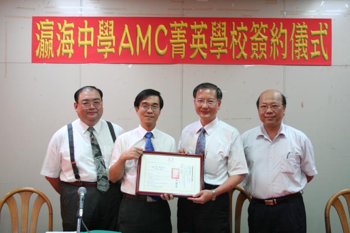 瀛海中學榮獲 (AMC) 菁英學校簽約認證儀式說明 本市私立瀛海中學與美國 AMC( 全美中學數學分級能力測驗 ) 在台代表正式簽約。該校將成為南部地區唯一 AMC菁英學校。目前全台僅有五所,北部兩所,中部兩所 ( 曉明女中,明道中學 ) 。近年來該測驗已成為台灣地區高國中生測驗數學能力的指標考試,其地位就如同全民英檢之於英文學習。 AMC ,American Mathematics Competitions ( 全美中學數學分級能力測驗 ) 主辦單位為「美國數學協會」( The Mathematical Association of America, MAA )。台灣地區承辦單位:台灣區 AMC 測驗委員會。 此項測驗為一群對台灣數學教育相當用心的師大數學系教授所引進。其目的為培育數理人才,提升國家整體競爭力並與國際接軌。 AMC 測驗為世界具公信力的數學測驗,該測驗提供多樣化的評量工具,讓學生了解自己的數學能力。 去年全球報考人數就超過六十萬人次 ,並有三十二 個國家參與測驗,因規模跨及各國,使其更具有公信力與鑑別度。曾經參加國際奧林匹亞數學競賽,代表美國隊得到「四金二銀」優異成績的學生,也都是從 AMC 測驗中選拔出來的。「電腦大亨比爾蓋茲當年亦是在這項考試上獲得滿分得以進入哈佛大學就讀。而目前台灣的大學入學管道之一的學測 ,亦有許多學生因在 AMC 考試表現突出而獲得入學機會,」何董事長表示。「瀛海與AMC合作後,相信可以提供學生一個更優質更國際化的數學學習環境。對本校學生將來大學入學考試的競爭力提高是可預期的。」 該測驗因應不同學生程度有三種不同考試項目,包括 AMC 8, AMC 10, AMC 12 。 AMC 8 針對國一國二學生, AMC 10針對國三 ,高一生,而 AMC 12 針對高二、三生。學生可依據其能力及程度參加不同項目考試,了解自身數學程度。瀛海將從 國中部及高 中部同步實施。 瀛海中學能與該協會簽約認証原因是,瀛海中學歷年來有相當多學生參與此測驗,表現突出,多人獲得滿分,其中亦有曾經得過全世界第二名者。而且,瀛海向來非常重視數學教育。每年都會在學期中舉辦數學 週活動以提高學生學習興趣。在數學週中,該校數學老師會設計各種趣味及與生活有關的題目供學生搶答。歷年來,學生反應非常熱列。 此外,瀛海這幾年於台南地區舉辦「台江盃數學競試」,已經引起台南地區學子對數學活動參與的風潮。往年參與學生人數幾已達千人。尤其活動結束時,由該校資深數學老師當場解題,更是反應熱烈。許多坊間補習班已將該競試試為一年一度盛事,皆會鼓勵班上學生參加,挑戰自己的數學功力。 瀛海中學成為菁英學校後,該校數學老師接受 AMC 專業認證,成為具有 AMC任教資格老師。而且該校數學授課內容將引進AMC教材。成為上課教科書。而且學生可上網同步檢測與學習,及時分析教學成效,老師及學生本身可掌握動態學習歷程。家長可於線上意見 反應。對該校整體數學學習成果之提升將非常顯著。 |
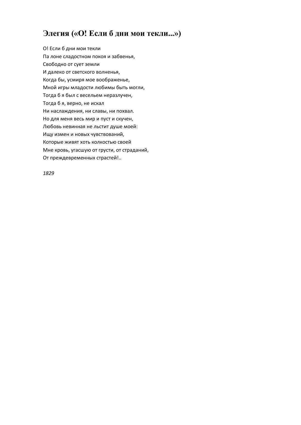 Элегия (О! Если б дни мои текли...)
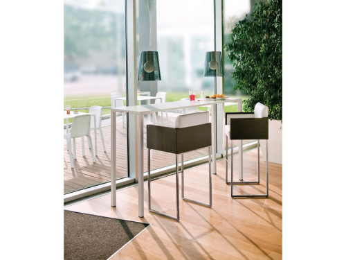 Box имеет строгие формы и использует различные материалы, такие как дерево и металл, которые сочетаются с мягкостью обивочного материала, создавая полную и многофункциональную коллекцию. Барный стул с мягким сиденьем максимально комфортное и эргономичное. Ножки в виде полозьев придают дизайну этого барного стула современность, а материал из которого они изготовлены обеспечивают долгий срок службы.
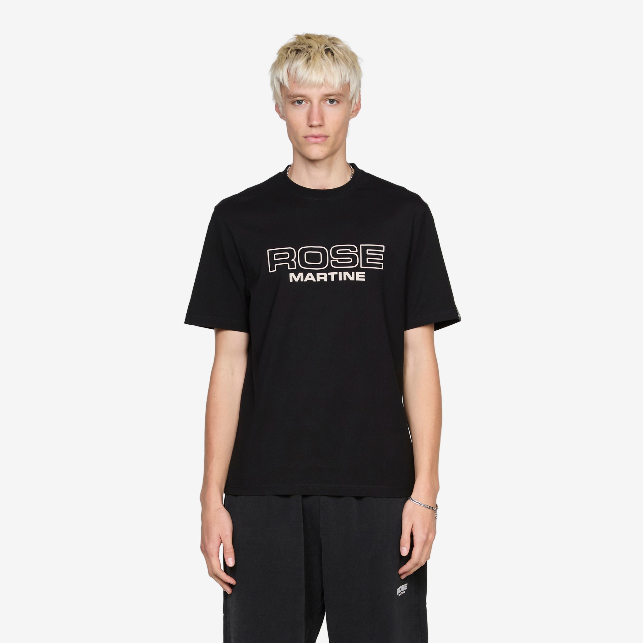 Classic T-Shirt in Black from Martine Rose. Regular fit t-shirt with a ribbed crew neckline. Crafted from soft cotton jersey and finished with printed branding at the chest.
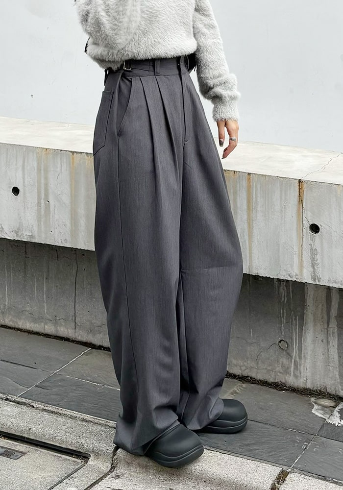自分のウエストに合わせてサイドのベルトで調節ができる美脚シルエットのグルカパンツ。お好みでハイウエストやローウエストにもできたり、インした時に映えるウエストのデザインもポイントです。
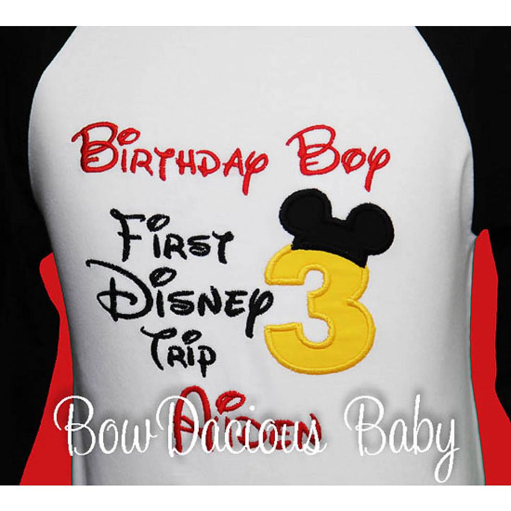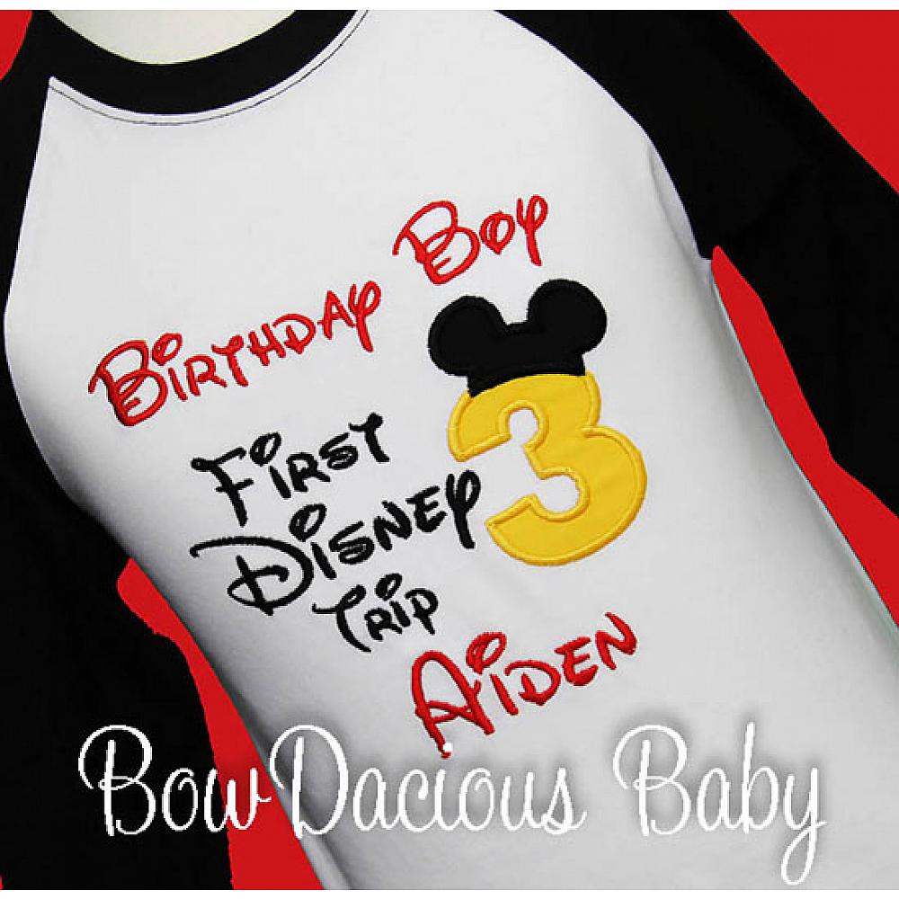 Personalized Birthday Boy, My First Disney Trip Shirt. Custom made to your specifications. You pick the fabric, font, and thread colors. Any Age. Add shorts, pants, a coordinating bib or diaper cover to complete the outfit.
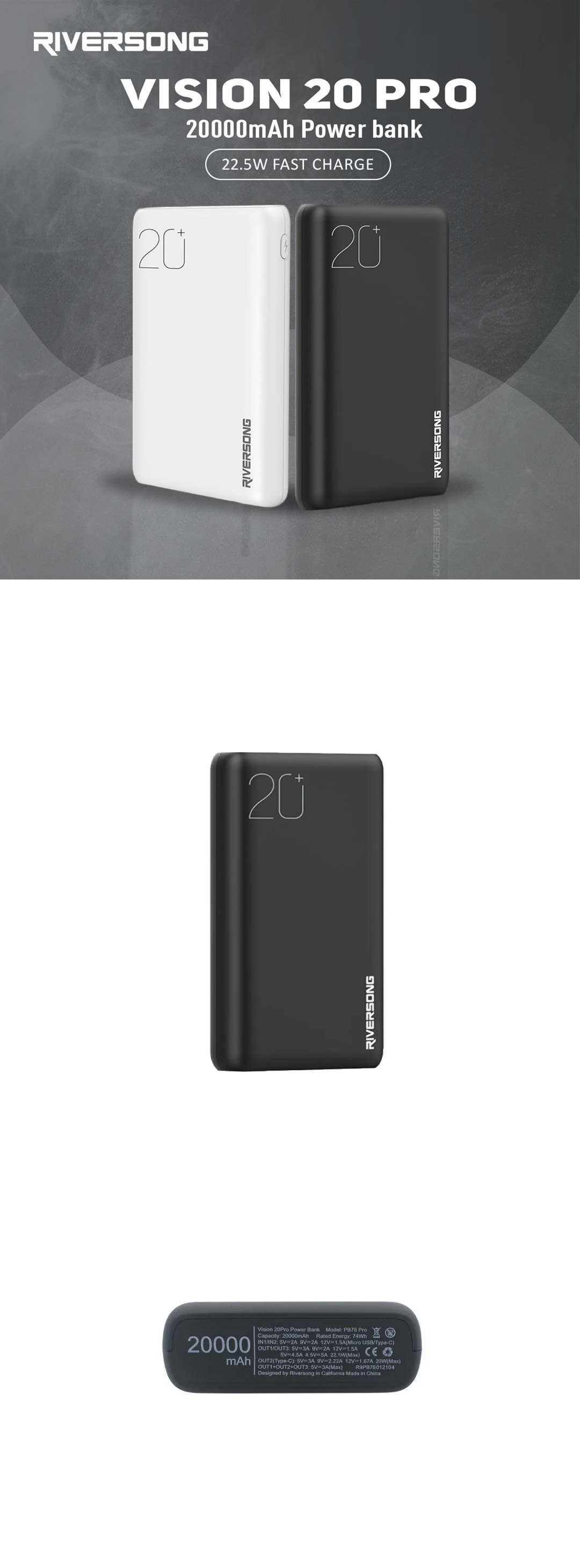 RIVERSONG 20000mAh Vision 20 Pro Power Bank PB76 Pro | 22.5w Quick Charge | Dual USB Output | Type C Input & Output | Power Bank with 1 Year Warranty

● ● ● ●

§ Problem
Working from the line containing "Classic T-Shirt in" to the last line of the data, retype every line exactly, both ends included, and leave out all pictures.

§ Answer to this exercise
 Classic T-Shirt in Black from Martine Rose. Regular fit t-shirt with a ribbed crew neckline. Crafted from soft cotton jersey and finished with printed branding at the chest.
自分のウエストに合わせてサイドのベルトで調節ができる美脚シルエットのグルカパンツ。お好みでハイウエストやローウエストにもできたり、インした時に映えるウエストのデザインもポイントです。
 Personalized Birthday Boy, My First Disney Trip Shirt. Custom made to your specifications. You pick the fabric, font, and thread colors. Any Age. Add shorts, pants, a coordinating bib or diaper cover to complete the outfit.
 RIVERSONG 20000mAh Vision 20 Pro Power Bank PB76 Pro | 22.5w Quick Charge | Dual USB Output | Type C Input & Output | Power Bank with 1 Year Warranty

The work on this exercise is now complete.